Human fetal pancreas tissue was obtained from material available following elective termination of pregnancy during the 1st trimester at the Departments of Gynaecology at Copenhagen University Hospital (Rigshospitalet) and Hvidovre Hospital, Denmark. The regional ethics committee “De Videnskabsetiske Komiteer Region Hovedstaden” approved this study (permit number H-1-2012-007), and women gave their informed written and oral consent. None of the terminations were for reasons of the pathology of pregnancy or fetal abnormality. Fetal age was determined by scanning crown-rump length and by evaluation of foot length and is indicated as estimated weeks + days post conception76. The pancreas was isolated, and the majority of the mesenchyme was removed manually.

In vitro generation of pancreatic progenitors from human pluripotent stem cells

We generated pancreatic progenitors with two distinct protocols. Human PSCs were grown for at least three passages before starting the differentiation procedure.

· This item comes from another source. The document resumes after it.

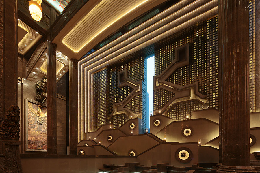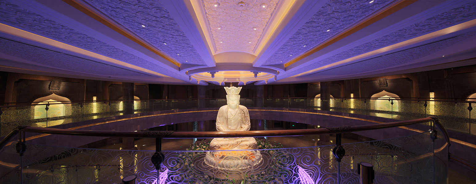 在四大亮点之中,弘愿堂作为最重要的大型中央建筑,以其磅礴的气势、丰富的典藏、独具匠心的设计以及 如幻如真的光影环境赢得了广泛的赞誉。此次,本文便以弘愿堂为项目核心,重点介绍其照明设计。

Protocol adapted from Ameri et al.45: hPSCs (HuES4) were passaged as usual and allowed to reach confluency. The medium was changed daily, and 1× PBS (Thermo Fisher) washes were performed when changing media between stages. Cells were cultured in 2D through all stages of the protocols. Stage 1 (1 day): cells were exposed to RPMI GlutaMAX medium (Thermo Fisher) supplemented with 100 ng/ml Activin A (Peprotech), 3 µM CHIR 99021 (Axon), and B-27 supplement without insulin (Thermo Fisher). Stage 2 (4 days): cells were exposed to RPMI GlutaMAX medium supplemented with 100 ng/ml Activin A and B-27 supplement without insulin. Stage 3 (3 days): cells were exposed to DMEM/F12 GlutaMAX medium (Thermo Fisher) supplemented with 2 µM Retinoic Acid (RA; Sigma) and B-27 supplement (Thermo Fisher). Stage 4 (8 days): cells were exposed to DMEM/F12 GlutaMAX medium supplemented with 64 ng/ml FGF2 (Peprotech) and B-27 supplement.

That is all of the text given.